Born in 1924 in Brooklyn, New York, of immigrant Russian-Jewish parents, he grew up in poverty in Madison, Wisconsin. Like many children of recent immigrants, he was bent on obtaining an education. Entering the University of Wisconsin at the age of 17, he determined to fight in World War II against fascism. He enlisted in the U.S. Army and was sent to the University of Iowa in the Army Specialized Training Program, and then to the University of Minnesota School of Medicine from which he graduated in 1948. After a year of internship in internal medicine, he served a three-year residency in psychiatry at the Payne Whitney Clinic of New York Hospital and Cornell University School of Medicine. In 1948 he had transferred to the U.S. Air Force Medical Corps, and in 1952 was appointed Chief of Psychiatry Service at the Lackland Air Force Base, San Antonio, Texas. While holding this position, he had also been appointed Professor and Head of the Department of Psychiatry, Neurology and Biobehavioral Sciences at the University of Oklahoma School of Medicine–the youngest person ever to have held a chairmanship in psychiatry in the United States until, or since, that time. In 1969, he moved to UCLA to head its department and direct the Neuropsychiatry Institute.

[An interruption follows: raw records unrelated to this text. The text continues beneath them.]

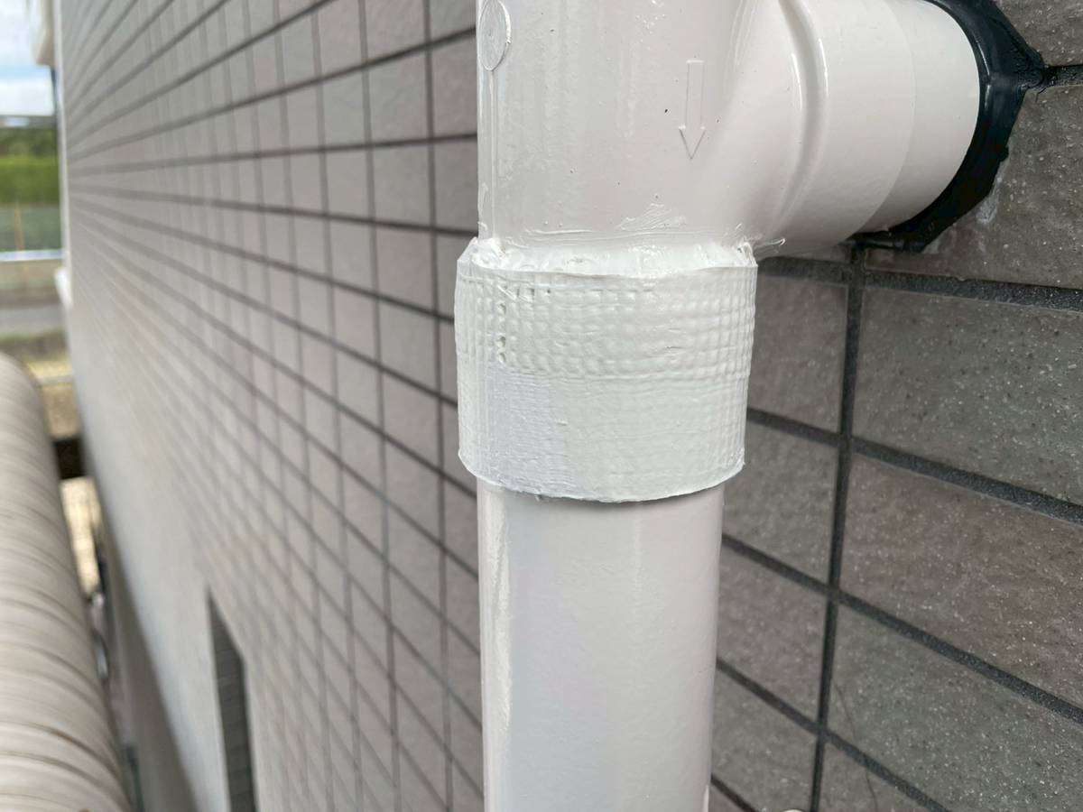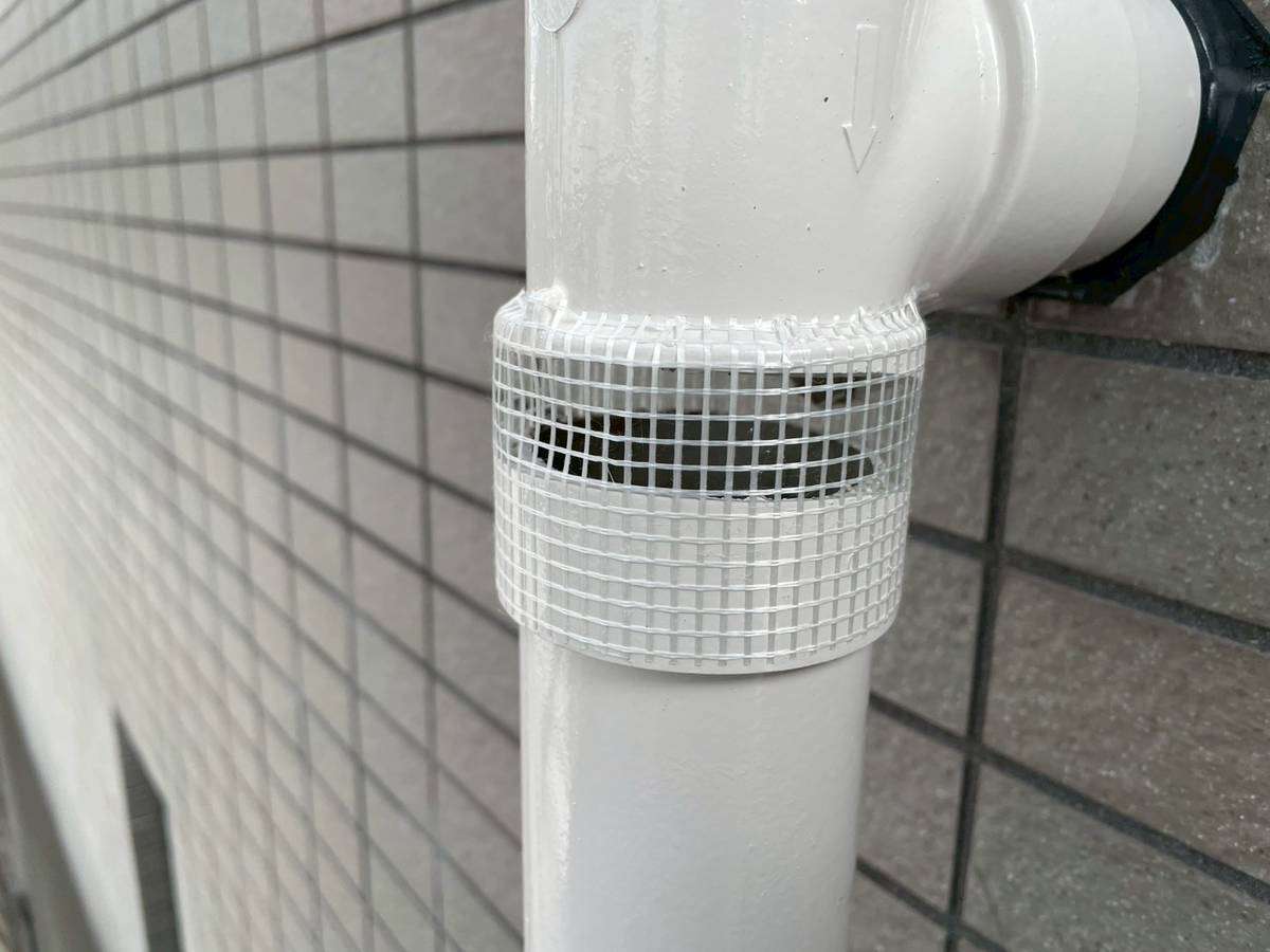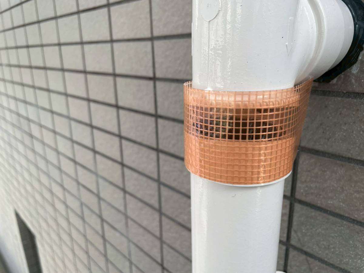 Kマンション様の昨日の作業は、コーキング(シーリング)補修箇所の塗装作業、配管の欠損部補修作業を行っていました。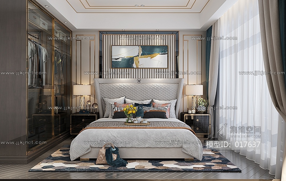 Z26-0103后现代欧式轻奢卧室床床头柜衣柜衣服皮包 3d模型下载 [模型ID:17637]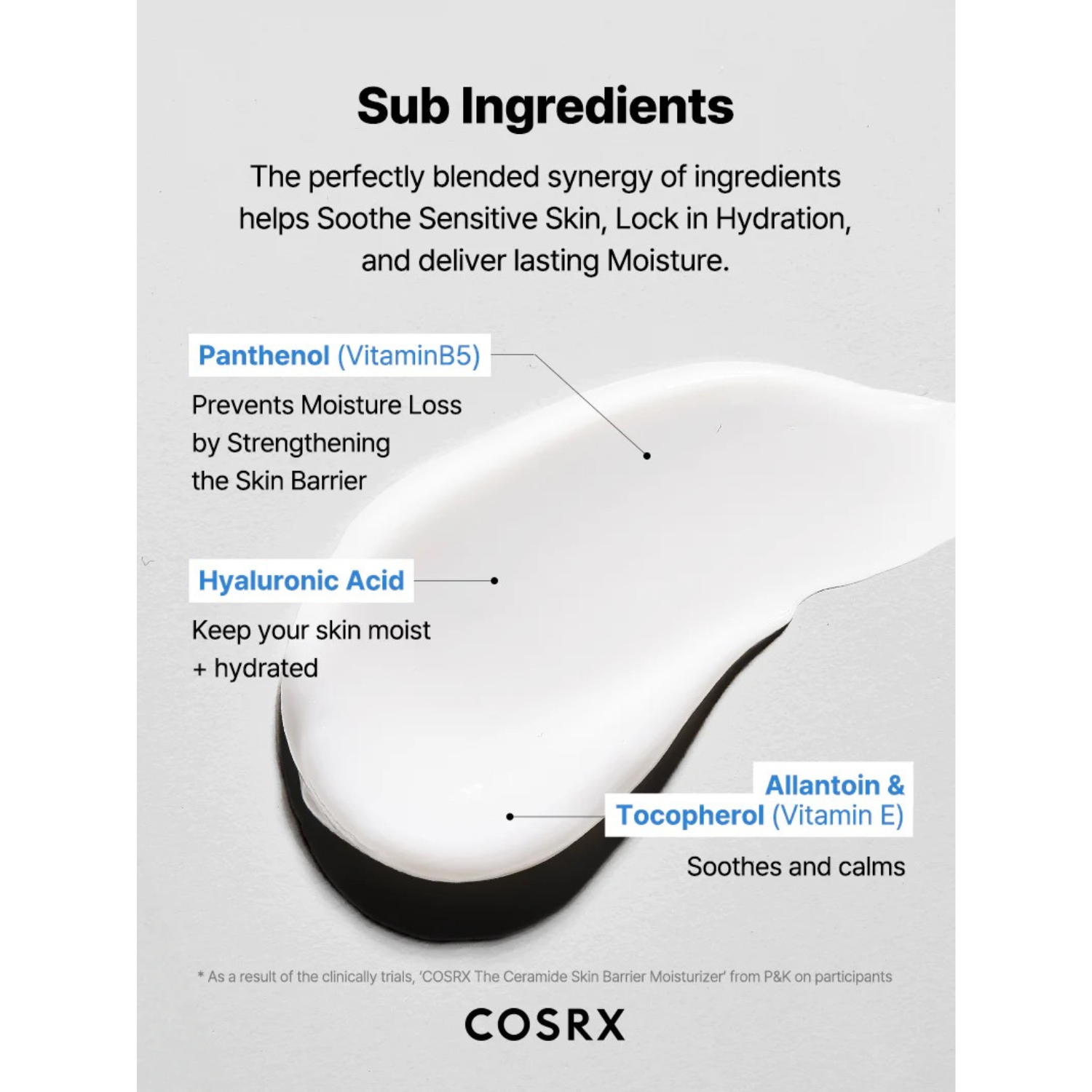 - Enriched with Panthenol, Hyaluronic Acid, Allatoin, and Tocopherol to soothe and hydrate skin.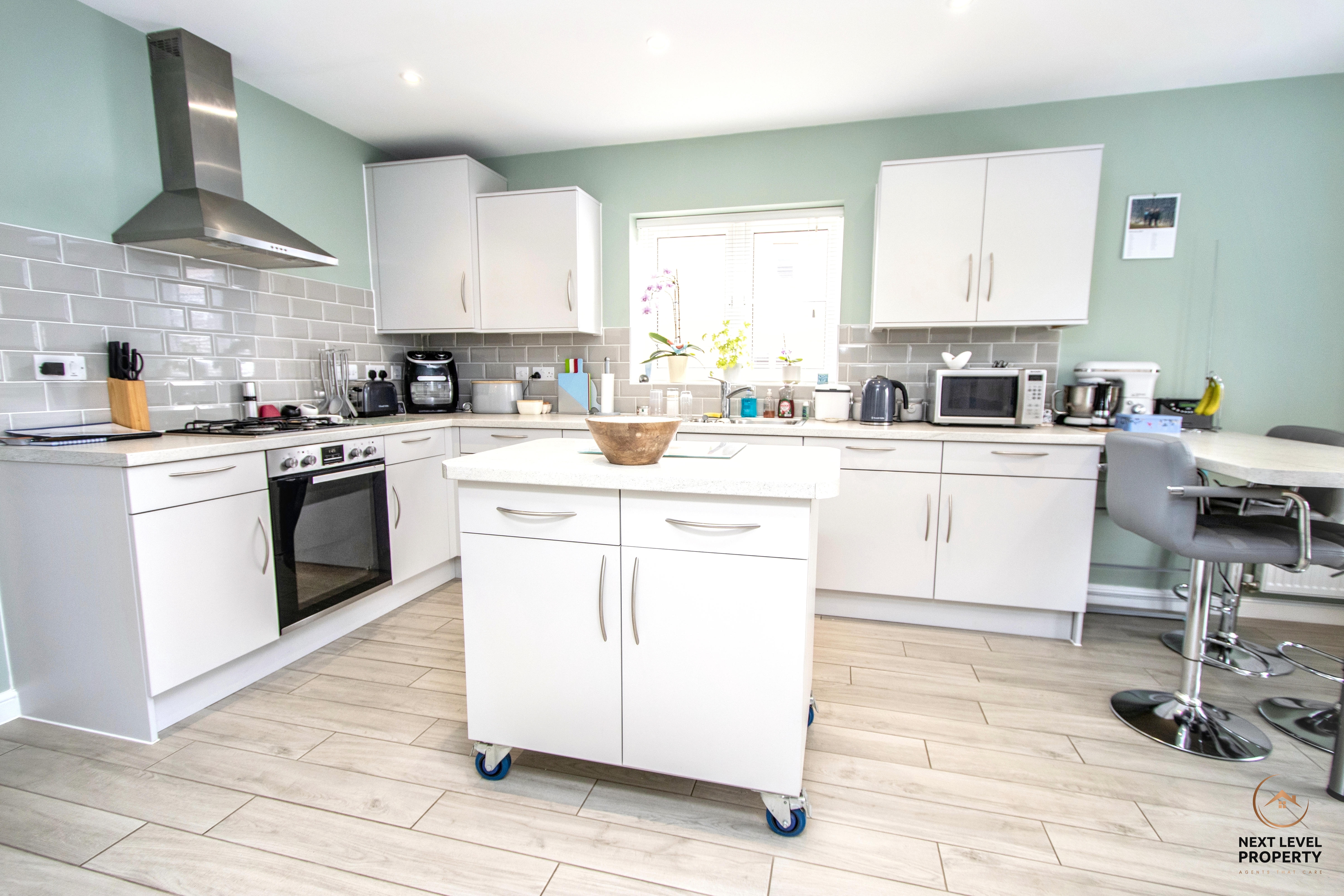 - Bright contemporary kitchen with island & integrated appliances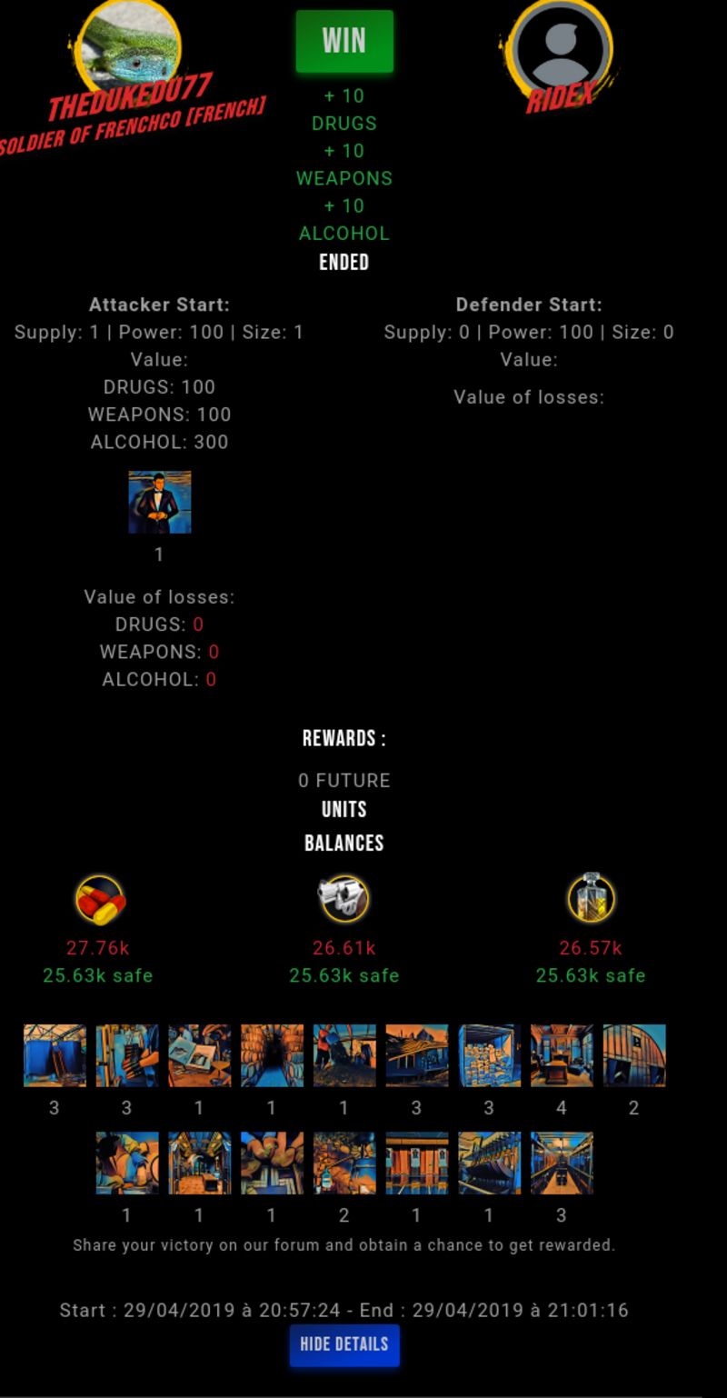 Check my latest fight ! thedukedu77 vs ridexduke77 (56)in #drugwars-fight • 7 years ago #gaming #fight #dw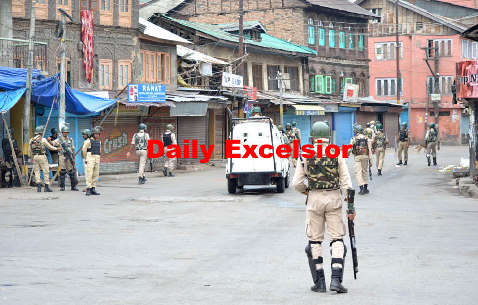 Paramilitary CRPF personnel patrolling deserted Nowhatta area of Old City during strict curfew.Excelsior\Shakeel-ul-Rehman By Daily Excelsior - July 15, 2016 Share FacebookTwitterWhatsAppPinterestLinkedinCopy URLTelegramEmailTumblrReddItPrintKoo Security forces' vehicles patrol Nowhatta area of Old City during strict curfew ExcelsiorShakeel-ul-rehman. Follow our WhatsApp channel

Implicit in the foregoing are the outlines of an American success story–the poor immigrant son, who by dint of his intelligence and energy, makes the best of freedom and the opportunity offered to him to realize himself. What is not so usual in this familiar American story is that from an early age and throughout his life, West fought for the equal rights of others so that they might have similar opportunities for self-realization. Always larger than life, he was bold and courageous. He led the way toward the integration of medical fraternities, and the civil right changes in the South. He battled actively and ceaselessly for individual freedom and dignity, opposing prejudice, bias, bigotry, violence, torture, and the subjugation, punishment and mistreatment of others by governments, the judiciary, the military, kidnappers, cult, leaders, and phony prophets. He took the side of the poor, minorities, children, the disenfranchised, the mentally ill, the ignorant and the weak.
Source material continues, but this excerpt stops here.